Traditional afternoon tea consists of a selection of dainty sandwiches (including of course thinly sliced cucumber sandwiches), scones served with clotted cream and preserves. Cakes and pastries are also served. Tea grown in India or Ceylon is poured from silver tea pots into delicate bone china cups.

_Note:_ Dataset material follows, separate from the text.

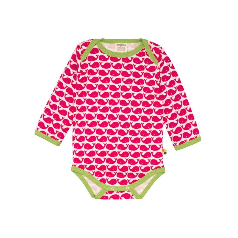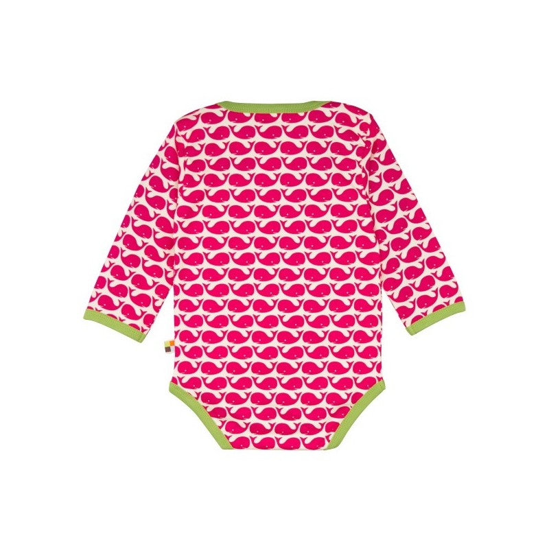 Der Body ist mit einem niedlichen Wal-Allover verziert und die Kanten sind mit einem kontrastfarbigen Einfassband abgesetzt.

-historic-uk.com/CultureUK/AfternoonTea.htm

Pumpkin Pudding

Last night during the ice storm, I decided to make a pumpkin pie. I discovered my 100 pound stash of flour was used up. So I made pumpkin pie anyway but without the crust. I baked it in a glass Pyrex bowl. It was a delicious pumpkin pudding. I will make it on purpose sometime.

Tuesday, February 1, 2011

Animal Farm

Yesterday I boiled lamb bones I had in the freezer, and today I skimmed the waxy fat off the top and am baking lentils in the stock with olive oil. It smells fabulous. I have leftover egg nog that I am defrosting and might pour over snow to make snow ice cream. I made corn tortillas from instant masa for lunch. I'm getting faster at using the tortilla press and cellophane. My new orange cat is crazy about corn, just like our former orange cat was. Lily tried to leap into my lap on all fours while I was sitting in the cozy chair. She's a dog who thinks she's a lap cat (and I only encourage it). The cat sits like a meatloaf on the cold kitchen linoleum. He thinks he's a dog. I am not sure I'm a person. I know I am part Labrador, but my scalp wants to be scratched like a cat's.

I am thinking of painting the cat crate to look like a motorcycle shop so when the cat sits inside purring, it will sound like a Harley repair shop. As it is we've strung up all the hair ties and little figurines we've collected over the decades to dangle for our new cat. Anyone visiting will think we're living in a gigantic cat toy. Perhaps we are! Sammy has played the piano and tapped the typewriter and been hypnotized by the snow falling out the window. He absolutely loves to chase the tennis ball and pounce on it, but he has to compete with 75 pound Lily if she sees him. They are getting quite intimate. Sammy gently bats Lily like a boxer. Before long I'm sure they will be whirling each other around like dancers.